Why is the Pentagon Underfunded?

The courtiers in the Hall of Mirrors that is Versailles on the Potomac are lining up to give Leon Panetta advice on how to manage the Pentagon in the coming era of budget “constraints.”  Most of this wisdom takes the form of platitudes of how important it is to have a strategy and to make the hard choices needed to budget for that strategy. Duh!

My current favorite is Dr. Daniel Goure’s recent blog on the web page of the Lexington Institute, a pro-defense “think tank.”  Goure starts his advisory by saying:

Let’s be honest. The current U.S. defense program is underfunded, even at over $500 billion a year in the base budget and another $100 billion plus in contingency expenses.

Goure then goes on to discuss the need for vision, particularly concerning controlling personnel and health costs and avoiding duplication by transferring work done in government facilities, and by the military, to contractors.  In other words, when times are tough, return to the old game of protecting industry at the expense of the soldier and the taxpayer.

Thanks for your honesty, Daniel, but more of the same won’t cut it this time.

Goure is correct about one thing, however.  The defense program is underfunded.  But before dispensing advice on how to shovel money to his friends in industry, Goure ought to explain how and why the highest budget since the end of World War II could possibly end up underfunding the current program.  After all, the United States is engaged in a tough but relatively small war on terror, with far smaller forces and minuscule operational tempos compared to those deployed to either Korea and Vietnam.

Moreover, the United States no longer needs to spend a large part of the defense budget to maintain a large forward deployed conventional and nuclear forces to counter the threat posed by the Soviet Union.  With a few minor exceptions, the United States is also fielding the smallest combat-coded force structures since 1950.  Nevertheless, despite a defense budget that has almost doubled in inflation adjusted dollars since 1998, Mr.
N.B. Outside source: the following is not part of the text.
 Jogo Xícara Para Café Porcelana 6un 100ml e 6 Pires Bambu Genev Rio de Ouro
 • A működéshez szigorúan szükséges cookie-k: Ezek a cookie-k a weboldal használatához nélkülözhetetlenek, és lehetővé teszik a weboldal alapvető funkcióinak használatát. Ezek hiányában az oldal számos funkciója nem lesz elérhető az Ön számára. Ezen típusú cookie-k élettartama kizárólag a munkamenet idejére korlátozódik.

Panetta is inheriting a defense program approaching the programmatic equivalent of a meltdown.

Why?

If Mr. Panetta wants to nurse the Pentagon into to health he must come to grips with the real causes of the Defense Death Spiral — a problem I have been studying and writing about since the late 1970s.

The central management problem plaguing the Department of Defense — i.e., the meltdown of the entire defense program — can be characterized in a general sense as being produced by the mutually reinforcing effects of

1. A modernization program that cannot buy enough new weapons to modernize the force structures of the Army, Navy/MC, and Air Force, because the unit costs of new weapons always grow faster than budgets, even when budgets increase sharply, as they did in the 1980s and after 1998;

2. Continual budgetary pressure to reduce readiness and shrink force size to contain the growth of operating costs (from operating aging, more complex hardware, but also from the growing personnel costs of the all volunteer force) to free up funds to finance the bankrupt modernization program; and

3. Corrupt and unauditable accounting, financial management, and program planning systems that lubricate the degenerative process by making impossible to assemble the information needed to sort out and correct the first two problems.
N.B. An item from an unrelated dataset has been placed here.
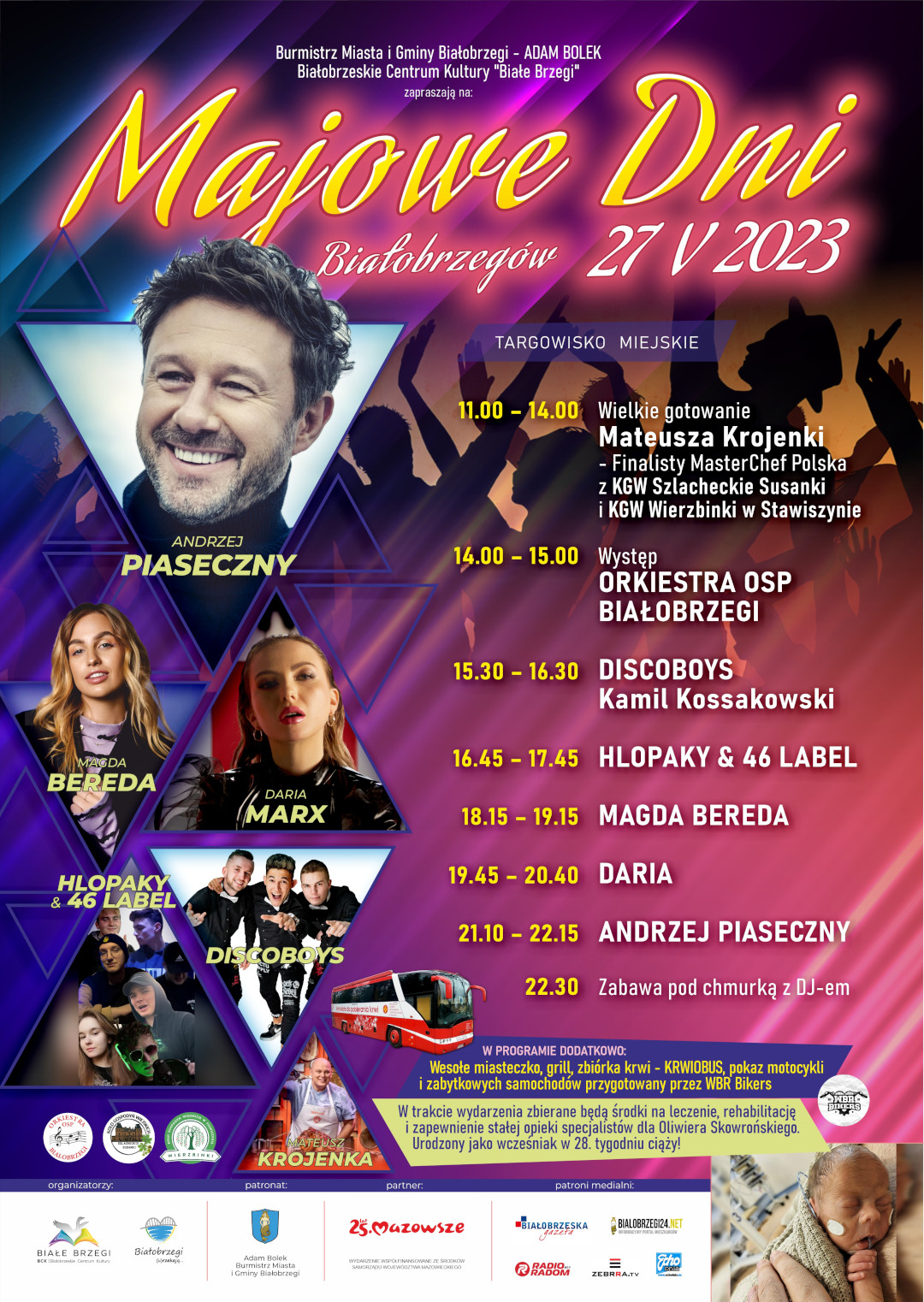 W sobotę 27 maja odbędą się Majowe Dni Białobrzegów. Gwiazdą tegorocznej edycji będzie Andrzej Piaseczny. Na białobrzeskiej scenie wystąpią również znani i lubiani artyści polskiej sceny muzycznej.

As long as these three relations remain in place, the defense budget will always be underfunded.  In fact, as I explained to Senator John Tower during testimony to Congress in 1983, “spending more money the same way actually makes matters worse.”  A near doubling of the defense budget since 1998 has shown again that statement to be correct.

This is the fundamental management dilemma facing Mr. Panetta.  Resolving it won’t be easy, because this trifecta of structural problems is only the outward manifestation of a bureaucratic engine powered by deeper behavioral pathologies that insensibly built up over during the 40 years of Cold War and are now seamlessly embedded in the culture of the Pentagon, the defense industry, and their wholly owned subsidiaries in Congress  — these habitual modes of conduct are known as the defense power games (front loading and political engineering).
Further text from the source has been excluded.